(Supplied data begins)

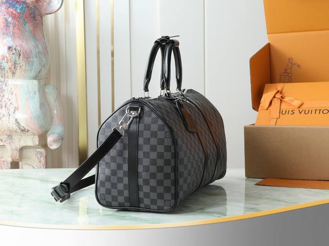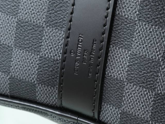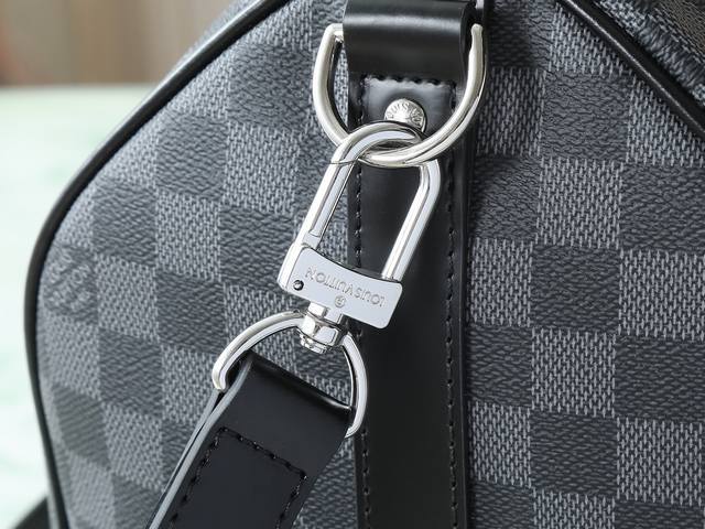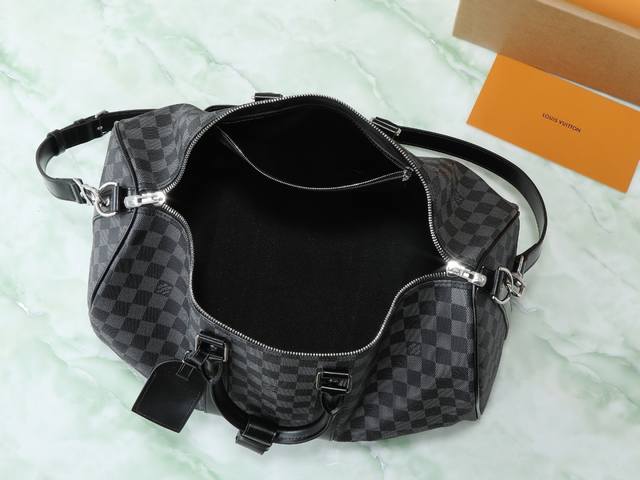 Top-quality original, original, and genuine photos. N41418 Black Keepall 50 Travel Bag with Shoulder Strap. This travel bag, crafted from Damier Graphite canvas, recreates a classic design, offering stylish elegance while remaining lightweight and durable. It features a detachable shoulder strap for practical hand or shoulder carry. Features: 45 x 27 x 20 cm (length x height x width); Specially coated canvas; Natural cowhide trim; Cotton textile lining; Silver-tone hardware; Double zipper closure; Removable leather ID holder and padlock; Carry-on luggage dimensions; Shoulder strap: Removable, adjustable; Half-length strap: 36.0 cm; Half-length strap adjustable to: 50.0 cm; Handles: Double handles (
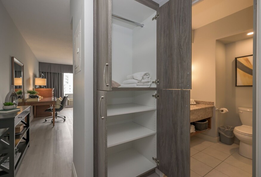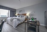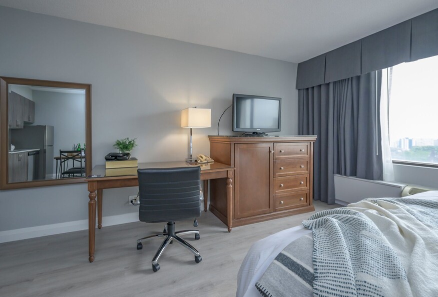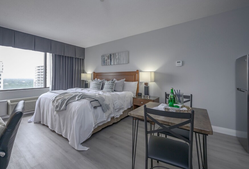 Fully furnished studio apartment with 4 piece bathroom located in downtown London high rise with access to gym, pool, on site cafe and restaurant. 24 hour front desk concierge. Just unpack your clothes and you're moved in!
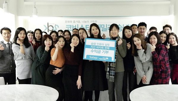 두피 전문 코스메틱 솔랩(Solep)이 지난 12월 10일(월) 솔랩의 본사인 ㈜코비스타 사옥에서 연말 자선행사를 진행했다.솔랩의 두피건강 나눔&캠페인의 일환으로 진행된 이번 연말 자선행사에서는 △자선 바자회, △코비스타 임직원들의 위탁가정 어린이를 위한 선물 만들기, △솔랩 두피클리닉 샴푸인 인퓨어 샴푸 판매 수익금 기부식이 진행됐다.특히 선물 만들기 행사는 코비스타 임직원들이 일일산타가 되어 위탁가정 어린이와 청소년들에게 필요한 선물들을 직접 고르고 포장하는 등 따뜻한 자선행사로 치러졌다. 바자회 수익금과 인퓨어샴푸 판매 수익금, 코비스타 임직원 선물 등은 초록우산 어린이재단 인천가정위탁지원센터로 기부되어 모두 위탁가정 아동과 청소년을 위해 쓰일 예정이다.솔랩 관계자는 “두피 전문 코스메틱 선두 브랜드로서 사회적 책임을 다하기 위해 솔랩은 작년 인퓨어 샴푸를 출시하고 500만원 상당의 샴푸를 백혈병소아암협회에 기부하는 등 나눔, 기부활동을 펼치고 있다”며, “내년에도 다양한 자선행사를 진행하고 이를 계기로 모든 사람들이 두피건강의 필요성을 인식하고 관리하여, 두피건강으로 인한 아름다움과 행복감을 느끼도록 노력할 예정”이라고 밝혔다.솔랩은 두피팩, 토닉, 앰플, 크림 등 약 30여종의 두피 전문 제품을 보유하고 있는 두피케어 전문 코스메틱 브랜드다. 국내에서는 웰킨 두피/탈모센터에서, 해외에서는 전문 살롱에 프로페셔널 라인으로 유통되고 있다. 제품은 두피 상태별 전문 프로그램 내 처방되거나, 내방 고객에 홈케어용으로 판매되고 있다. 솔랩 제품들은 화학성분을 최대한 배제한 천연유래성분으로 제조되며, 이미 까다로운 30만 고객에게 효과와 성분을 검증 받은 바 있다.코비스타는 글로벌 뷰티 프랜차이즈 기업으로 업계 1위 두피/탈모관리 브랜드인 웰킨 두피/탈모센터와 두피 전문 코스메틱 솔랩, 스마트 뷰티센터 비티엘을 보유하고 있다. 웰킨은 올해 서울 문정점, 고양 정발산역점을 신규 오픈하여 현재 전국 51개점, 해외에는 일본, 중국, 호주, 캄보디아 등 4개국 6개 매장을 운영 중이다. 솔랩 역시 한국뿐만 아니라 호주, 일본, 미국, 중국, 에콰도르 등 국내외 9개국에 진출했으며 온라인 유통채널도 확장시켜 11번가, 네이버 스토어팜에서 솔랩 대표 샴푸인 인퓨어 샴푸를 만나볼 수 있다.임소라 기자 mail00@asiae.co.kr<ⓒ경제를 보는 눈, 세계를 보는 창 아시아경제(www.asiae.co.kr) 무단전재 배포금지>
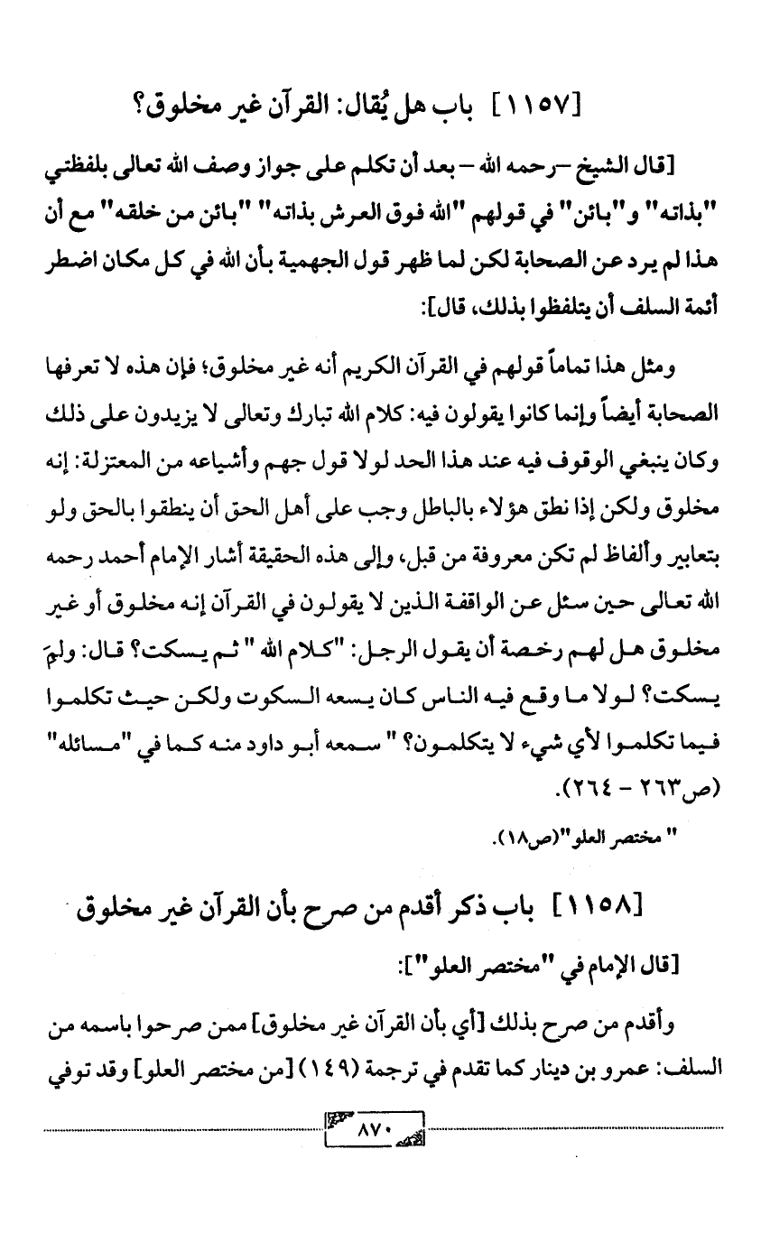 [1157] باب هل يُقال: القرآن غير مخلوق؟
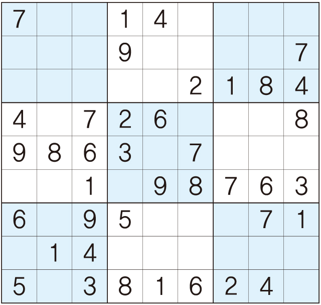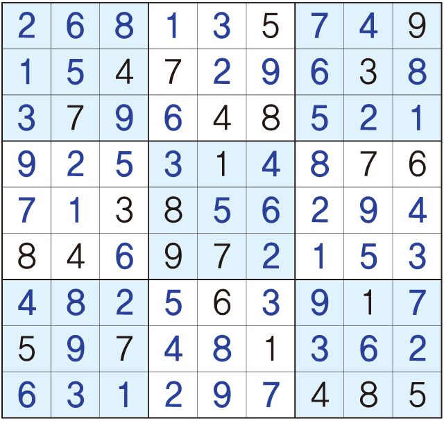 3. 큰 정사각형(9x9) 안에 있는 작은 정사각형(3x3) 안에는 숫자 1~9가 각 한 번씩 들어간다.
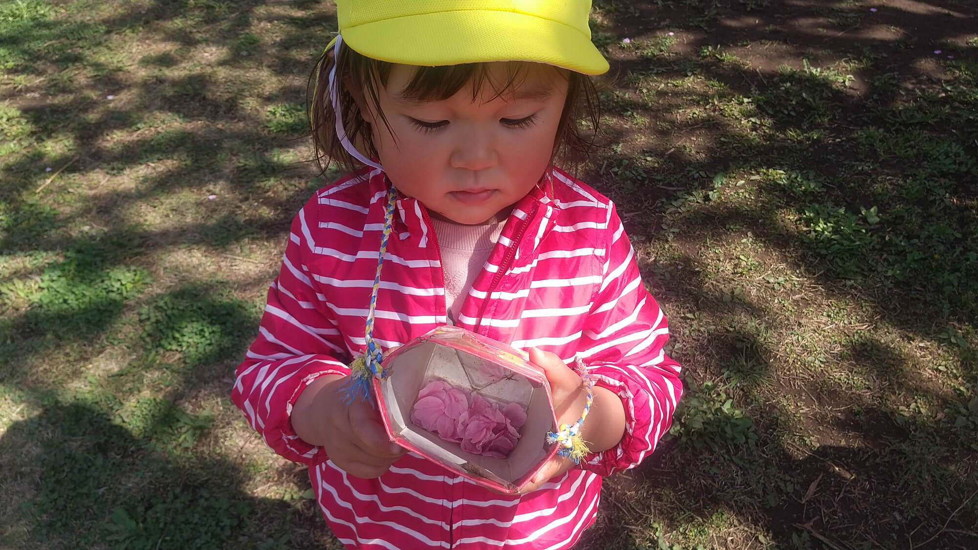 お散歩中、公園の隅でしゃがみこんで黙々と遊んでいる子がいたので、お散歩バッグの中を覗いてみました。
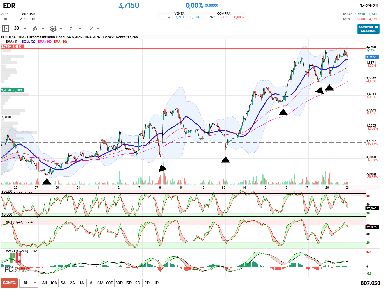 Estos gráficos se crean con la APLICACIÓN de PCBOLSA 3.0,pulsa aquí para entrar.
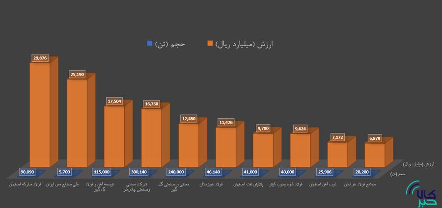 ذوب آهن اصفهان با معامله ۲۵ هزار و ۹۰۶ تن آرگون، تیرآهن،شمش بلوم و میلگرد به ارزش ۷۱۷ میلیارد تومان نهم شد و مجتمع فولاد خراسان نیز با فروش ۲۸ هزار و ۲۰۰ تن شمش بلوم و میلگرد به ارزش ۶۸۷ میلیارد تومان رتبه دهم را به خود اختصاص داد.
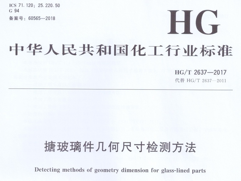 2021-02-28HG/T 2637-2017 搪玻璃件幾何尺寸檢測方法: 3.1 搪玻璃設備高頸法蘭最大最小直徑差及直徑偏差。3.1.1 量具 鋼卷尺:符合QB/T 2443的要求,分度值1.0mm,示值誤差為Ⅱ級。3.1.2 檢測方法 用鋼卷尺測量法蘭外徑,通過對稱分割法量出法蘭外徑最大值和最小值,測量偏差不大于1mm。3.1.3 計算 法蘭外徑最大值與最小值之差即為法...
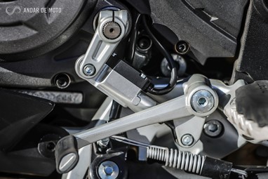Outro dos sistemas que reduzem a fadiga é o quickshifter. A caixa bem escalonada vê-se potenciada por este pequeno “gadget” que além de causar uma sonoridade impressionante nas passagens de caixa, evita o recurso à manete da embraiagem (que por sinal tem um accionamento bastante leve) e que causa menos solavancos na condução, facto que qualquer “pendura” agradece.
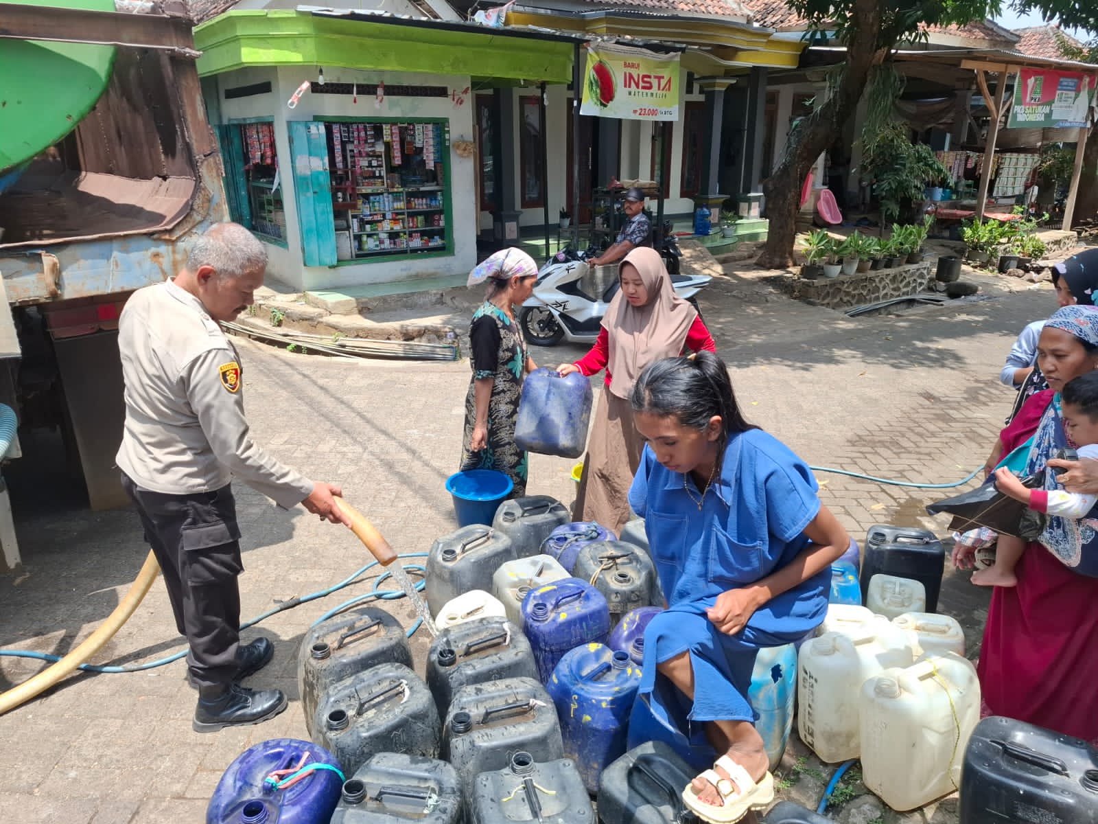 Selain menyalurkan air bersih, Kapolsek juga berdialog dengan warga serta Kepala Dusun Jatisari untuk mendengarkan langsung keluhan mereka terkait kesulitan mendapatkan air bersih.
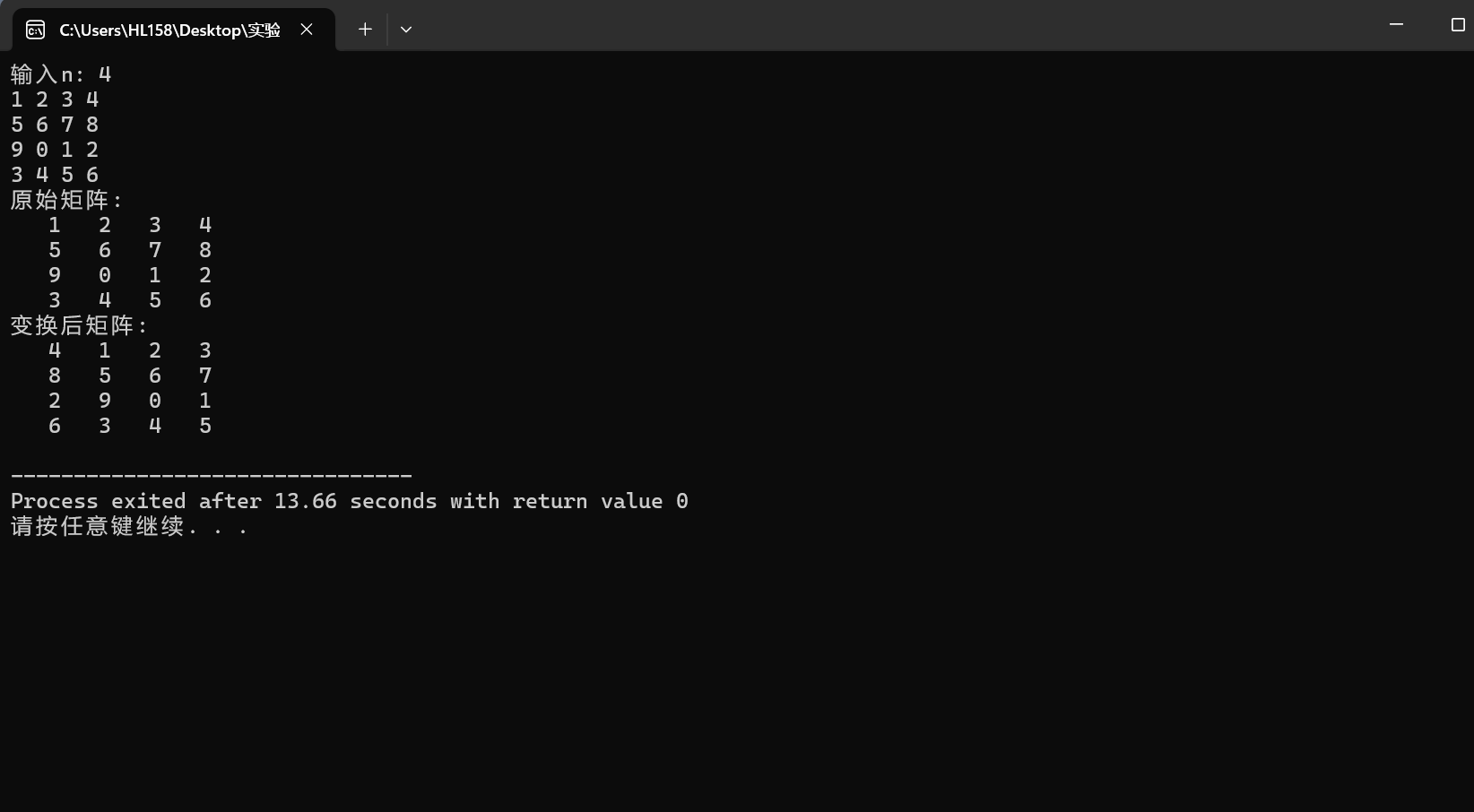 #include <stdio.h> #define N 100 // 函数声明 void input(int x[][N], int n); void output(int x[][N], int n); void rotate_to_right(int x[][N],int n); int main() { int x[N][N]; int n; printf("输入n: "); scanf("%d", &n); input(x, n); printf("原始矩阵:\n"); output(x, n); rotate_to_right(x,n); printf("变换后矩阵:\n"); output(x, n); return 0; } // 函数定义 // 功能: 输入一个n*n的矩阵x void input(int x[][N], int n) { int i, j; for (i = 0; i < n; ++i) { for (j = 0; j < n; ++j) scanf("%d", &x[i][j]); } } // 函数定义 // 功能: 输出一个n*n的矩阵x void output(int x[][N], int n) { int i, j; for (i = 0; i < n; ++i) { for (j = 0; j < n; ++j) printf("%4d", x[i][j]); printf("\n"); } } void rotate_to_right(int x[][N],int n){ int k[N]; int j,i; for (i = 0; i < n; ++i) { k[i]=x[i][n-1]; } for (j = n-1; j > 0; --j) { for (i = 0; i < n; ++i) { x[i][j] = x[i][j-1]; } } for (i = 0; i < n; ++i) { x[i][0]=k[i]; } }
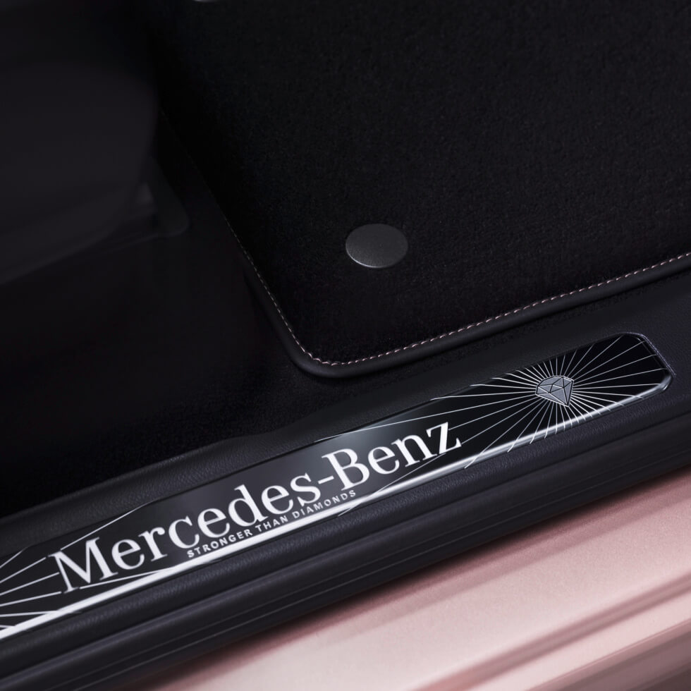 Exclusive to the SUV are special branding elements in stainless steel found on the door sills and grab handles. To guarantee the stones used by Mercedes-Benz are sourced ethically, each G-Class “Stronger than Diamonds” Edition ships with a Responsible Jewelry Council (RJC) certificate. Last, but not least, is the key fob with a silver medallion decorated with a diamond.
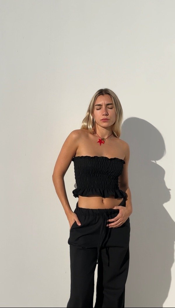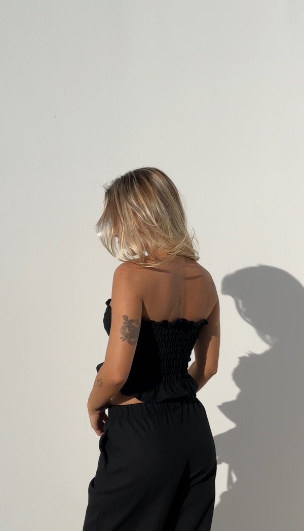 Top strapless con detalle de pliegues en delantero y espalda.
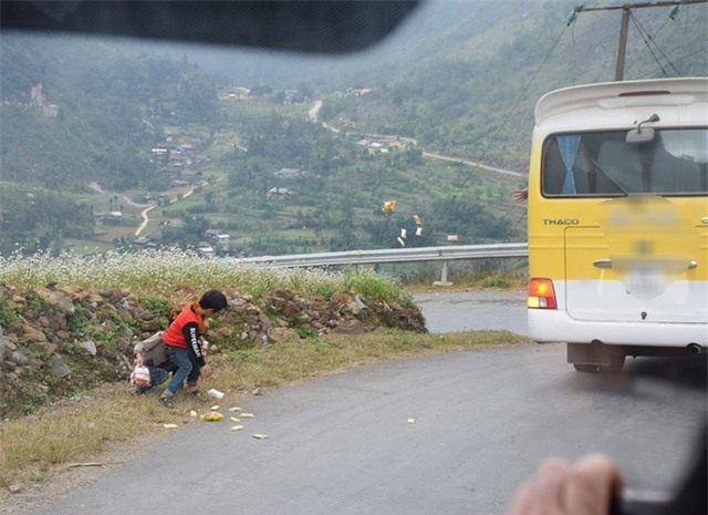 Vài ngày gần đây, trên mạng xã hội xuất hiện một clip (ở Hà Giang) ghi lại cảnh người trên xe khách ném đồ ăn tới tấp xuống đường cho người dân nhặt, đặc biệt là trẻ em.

(Supplied data ends)

Exercise goal: Put down exactly the lines of the data above that run from its first line through the line bearing "3. 큰 정사각형(9x9)", and no pictures.

Task answer:
 Top-quality original, original, and genuine photos. N41418 Black Keepall 50 Travel Bag with Shoulder Strap. This travel bag, crafted from Damier Graphite canvas, recreates a classic design, offering stylish elegance while remaining lightweight and durable. It features a detachable shoulder strap for practical hand or shoulder carry. Features: 45 x 27 x 20 cm (length x height x width); Specially coated canvas; Natural cowhide trim; Cotton textile lining; Silver-tone hardware; Double zipper closure; Removable leather ID holder and padlock; Carry-on luggage dimensions; Shoulder strap: Removable, adjustable; Half-length strap: 36.0 cm; Half-length strap adjustable to: 50.0 cm; Handles: Double handles (
 Fully furnished studio apartment with 4 piece bathroom located in downtown London high rise with access to gym, pool, on site cafe and restaurant. 24 hour front desk concierge. Just unpack your clothes and you're moved in!
 두피 전문 코스메틱 솔랩(Solep)이 지난 12월 10일(월) 솔랩의 본사인 ㈜코비스타 사옥에서 연말 자선행사를 진행했다.솔랩의 두피건강 나눔&캠페인의 일환으로 진행된 이번 연말 자선행사에서는 △자선 바자회, △코비스타 임직원들의 위탁가정 어린이를 위한 선물 만들기, △솔랩 두피클리닉 샴푸인 인퓨어 샴푸 판매 수익금 기부식이 진행됐다.특히 선물 만들기 행사는 코비스타 임직원들이 일일산타가 되어 위탁가정 어린이와 청소년들에게 필요한 선물들을 직접 고르고 포장하는 등 따뜻한 자선행사로 치러졌다. 바자회 수익금과 인퓨어샴푸 판매 수익금, 코비스타 임직원 선물 등은 초록우산 어린이재단 인천가정위탁지원센터로 기부되어 모두 위탁가정 아동과 청소년을 위해 쓰일 예정이다.솔랩 관계자는 “두피 전문 코스메틱 선두 브랜드로서 사회적 책임을 다하기 위해 솔랩은 작년 인퓨어 샴푸를 출시하고 500만원 상당의 샴푸를 백혈병소아암협회에 기부하는 등 나눔, 기부활동을 펼치고 있다”며, “내년에도 다양한 자선행사를 진행하고 이를 계기로 모든 사람들이 두피건강의 필요성을 인식하고 관리하여, 두피건강으로 인한 아름다움과 행복감을 느끼도록 노력할 예정”이라고 밝혔다.솔랩은 두피팩, 토닉, 앰플, 크림 등 약 30여종의 두피 전문 제품을 보유하고 있는 두피케어 전문 코스메틱 브랜드다. 국내에서는 웰킨 두피/탈모센터에서, 해외에서는 전문 살롱에 프로페셔널 라인으로 유통되고 있다. 제품은 두피 상태별 전문 프로그램 내 처방되거나, 내방 고객에 홈케어용으로 판매되고 있다. 솔랩 제품들은 화학성분을 최대한 배제한 천연유래성분으로 제조되며, 이미 까다로운 30만 고객에게 효과와 성분을 검증 받은 바 있다.코비스타는 글로벌 뷰티 프랜차이즈 기업으로 업계 1위 두피/탈모관리 브랜드인 웰킨 두피/탈모센터와 두피 전문 코스메틱 솔랩, 스마트 뷰티센터 비티엘을 보유하고 있다. 웰킨은 올해 서울 문정점, 고양 정발산역점을 신규 오픈하여 현재 전국 51개점, 해외에는 일본, 중국, 호주, 캄보디아 등 4개국 6개 매장을 운영 중이다. 솔랩 역시 한국뿐만 아니라 호주, 일본, 미국, 중국, 에콰도르 등 국내외 9개국에 진출했으며 온라인 유통채널도 확장시켜 11번가, 네이버 스토어팜에서 솔랩 대표 샴푸인 인퓨어 샴푸를 만나볼 수 있다.임소라 기자 mail00@asiae.co.kr<ⓒ경제를 보는 눈, 세계를 보는 창 아시아경제(www.asiae.co.kr) 무단전재 배포금지>
 [1157] باب هل يُقال: القرآن غير مخلوق؟
 3. 큰 정사각형(9x9) 안에 있는 작은 정사각형(3x3) 안에는 숫자 1~9가 각 한 번씩 들어간다.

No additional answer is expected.